Although there is one caveat. “I’m assuming people are rational,” he said—and by that he wasn’t meaning to pass judgment on the Trump insurgency. Rather, he said, “All I mean by rational is [that people] can rank the candidates: best, next best, and so forth.” (But as for Trumpism, he said: “I don’t understand it at all. No matter what your political position, he’s demonstrating no capacity. He just doesn’t make sense in any formulation.”)
Of course, Maskin’s hypothetical rankings, bumping Trump out of favor, involve imaginary numbers. But there’s hard data in an analysis of the primaries conducted by FairVote, a non-profit organization that has led the discussion on electoral reform since 1992, undaunted by the naysayers. “‘Oh, it’s never gonna happen.’ I’ve heard that so many times in my life. I was in a rock band and we never imagined we’d be on MTV,” said Krist Novoselic, chair of the FairVote board of directors, and the bassist and co-founder of Nirvana, in a recent FairVote trailer for its “Reform 2020” campaign. “So things turn around. I’m an optimist.”
Ranked choice voting is gradually gaining momentum. This spring, New York City Council’s agenda called for the State Legislature to enactment legislation allowing ranked choice voting for citywide primary elections. On November 8, the option of a statewide ranked choice voting system will be on the ballot as a referendum question in Maine. And those Republican primary numbers, run though ranked choice system, support a certain optimism. “If the GOP had used majority rule, Republican voters would have benefited because they could have expressed themselves more fully,” said Maskin. “And the party would have benefited because voters themselves might well have stopped Trump early on, before he built up momentum.”
Maybe next time.
Meanwhile, there is small comfort to be found in a later essay by Condorcet, Sketch for a Historical Picture of the Progress of the Human Spirit, written while he was on the run during the French Revolution and published posthumously in 1794. Therein Condorcet notes the importance of “savoir ignorer” — “knowing how not to know, in the end, what it is still, what it always will be impossible to understand.”
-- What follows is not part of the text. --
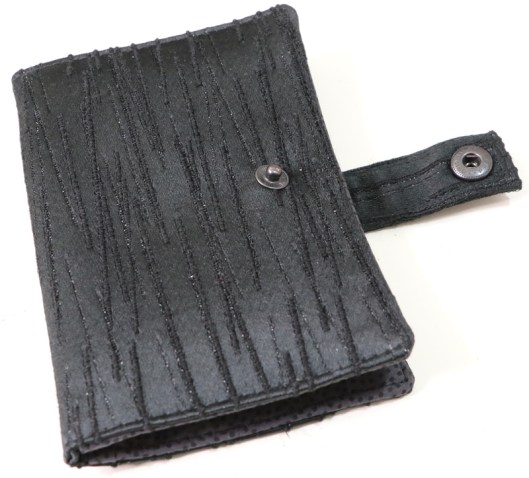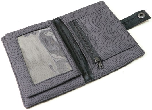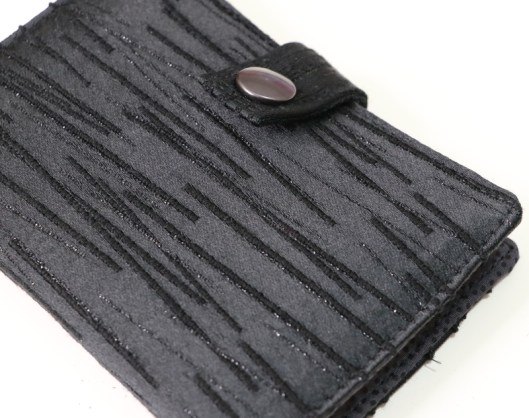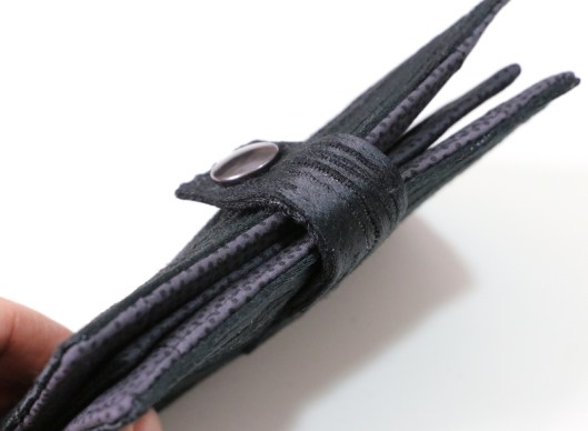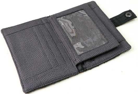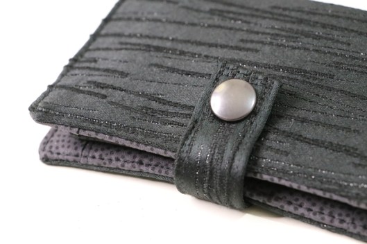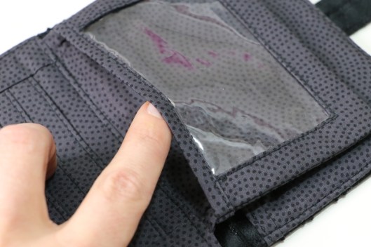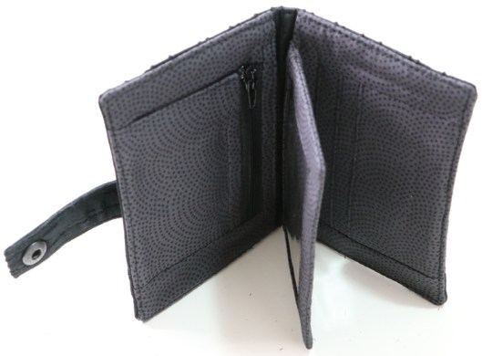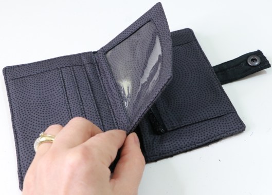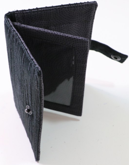 Le portefeuille se ferme si on le souhaite par un bouton pression, ce que j’ai fait. J’ai trouvé la méthode astucieuse pour la languette car c’est très simple en terme de réalisation pour un résultat vraiment chouette.

Siobhan Roberts is a science writer based in Toronto. Her latest book is Genius At Play: The Curious Mind of John Horton Conway.
Top photo: Shutterstock.
We actually had a referendum on something similar to this in the UK a few years ago. Unfortunately, people voted No.
My local Pacifica station uses a ranking system to pick board members.
I’ve always been thinking for all forms of votes with more options than yes/no that instead of picking your #1 favourite, you should make a ranking which is then evaluated over all candidates. It would also help alleviate the problem with those wasted votes for less popular candidates. If you #1 only gets a few %, and it becomes a very close race between what would be your #2 and #3, you’d rather have your #2 pick actually count. This is why some people also vote tactically and don’t give their one and only vote to their actual favourite, but rather whom they consider the lesser evil among the candidates most likely to win. Rankings would implement those tactical votes as an actual feature while still allowing to pick your actual favourite as #1.
Australia has had preferential voting, which is what you seem to be advocating, for a hundred years now. I don’t know why others don’t use it.